* DIRECTIONS FOR THIS TASK
At the line containing "Tágas, világos nappali–konyha–étkező", begin an exact copy of the lines below and continue through the final one, with no pictures.

* RAW DATA
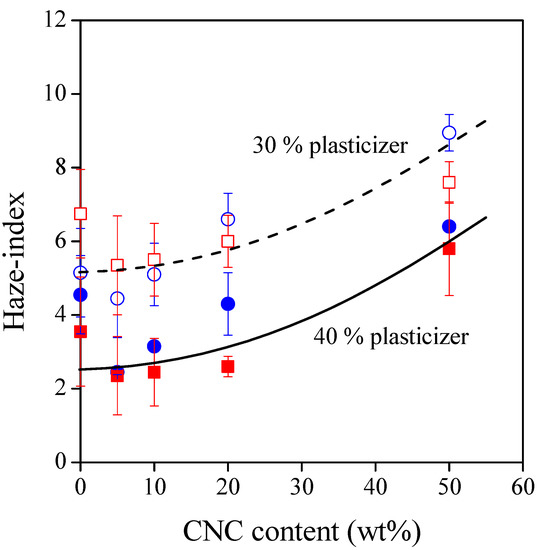 Haze index of TPS–CNC composites at 600 nm as a function of CNC content. Symbols: (○) 30% glycerol; (●) 40% glycerol; (☐) 30% sorbitol; (■) 40% sorbitol.
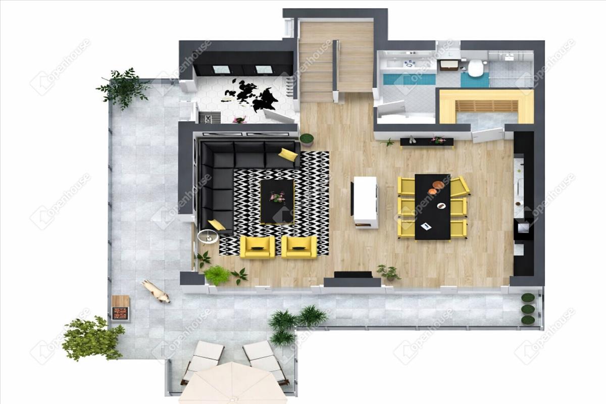 Tágas, világos nappali–konyha–étkező egy légtérben, közvetlen kertkapcsolattal
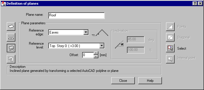Using this option, you can define intermediate (horizontal) planes or inclined planes on which elements of a structure model can be defined.

* EXERCISE RESPONSE
 Tágas, világos nappali–konyha–étkező egy légtérben, közvetlen kertkapcsolattal
Using this option, you can define intermediate (horizontal) planes or inclined planes on which elements of a structure model can be defined.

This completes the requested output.